Page MenuHomePhabricator

Invalid location header per RFC 7231 in Chrome: Redirects have path percent-escaped, but not fragment ("title contains invalid characters" errors)
Closed, DuplicatePublic


Recently at Location headers started to be served uncorrectly (partially encoded, partially not). While some browsers have a fix for it, latest Chrome (most importantly) and some other branches of WebKit was not ready. As a result after each edit redirects lead to "type 25 pollution" of URLs and to "unacceptable symbol %D0" error page. Like this one (see parasite 25's in the URL)

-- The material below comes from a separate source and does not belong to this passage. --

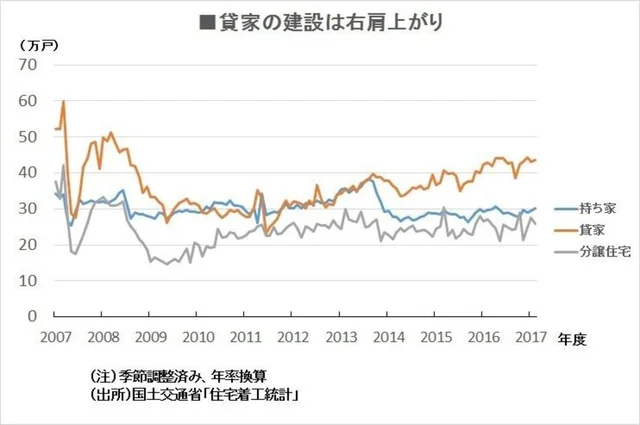同社の藤井和之・新事業開発部長は「賃貸住宅の着工数はリーマンショック前の水準に戻っただけでまだバブルではない。しかし、この状態が2~3年続くとバブルとなるかもしれない」と指摘する。

The problem is reported to Chromium and they will restore the fix (their todo letter enclosed at the bottom). Still they asked to mention, that it is not a correction but a fix to fight with some servers non-standard behavior - this time.

So I'm mentioning it here. And if the headers will be corrected right now, Chrome users will not have to wait for the fix to have their work at Wikipedia restored.

The Chromium letter:

Fix handling of half-escaped Location headers.

Non-ASCII characters in URLs are supposed to be percent-escaped. This
includes when those characters are used in Location headers. However, we
tolerate unescaped characters by escaping them ourselves at various
stages in the process. sometimes sends redirects where the path is
percent-escaped, but the fragment is not. Previously, we would fix the
escaping in the fragment, but leave the path as-is. However,
switched it to always unformly escape everything, so the %s became %25.
This causes us to follow the redirect incorrectly.

Uniformly escaping things makes sense for NetLog, where we want to
unambiguously represent what the server actually sent, but escaping as
part of URL resolution as not intended to be invertible. Restore the old
behavior here and add some regression tests.

Bug: 942073
Change-Id: I009bc0dc9c5c8f836f072fe23ccd824698d550e0

Event Timeline

Aklapper renamed this task from Location header is invalid per RFC 7231: breaking Chrome browser usage to Invalid location header per RFC 7231 in Chrome: Redirects have path percent-escaped, but not fragment ("title contains invalid characters" errors).Mar 15 2019, 11:35 AM
matmarex added subscribers: MaxSem, matmarex.

Here's an example of the weirdly encoded header (sent when saving a null edit of the section onОлсен,_Джастин)


I'm not very familiar with the relevant code (I'm here because I just saw the other task being merged as a duplicate on IRC and was curious), but I know that @MaxSem worked on this feature (human-readable section IDs).

Possibly Sanitizer::escapeIdForLink() is where the URL-encoding should be added?

I'm honnestly puzzled why does it take so long to fix.

Sending Locations of the kind %D0%A3%D1%87%D0%B0%D1%81%D1%82%D0%BD%D0%B8%D0%BA:Neolexx#Якорь (half encoded, half as-is Cyrillic) - is just plain wrong, logically and by RFC. Yes, the majority of browsers are able to fight with it (and many other things within IDN homograph attacks). But here is not a hacker site.

Chrome is a widely used browser, ru-wiki is one of biggest projects, this kind of "type 25 pollution" fix is plain ridiculous bu tonly one working so far:

So first fixing the Location headers and after starting to think what nice but not survival important things may got broken.

@Neolexx: This task is closed as a duplicate. See the other task for updates: A patch has been proposed only 36 hours ago. That's not "so long". If you'd like to get things fixed faster and want to help, feel free to amend the proposed patch to make it pass jenkins-bot verification.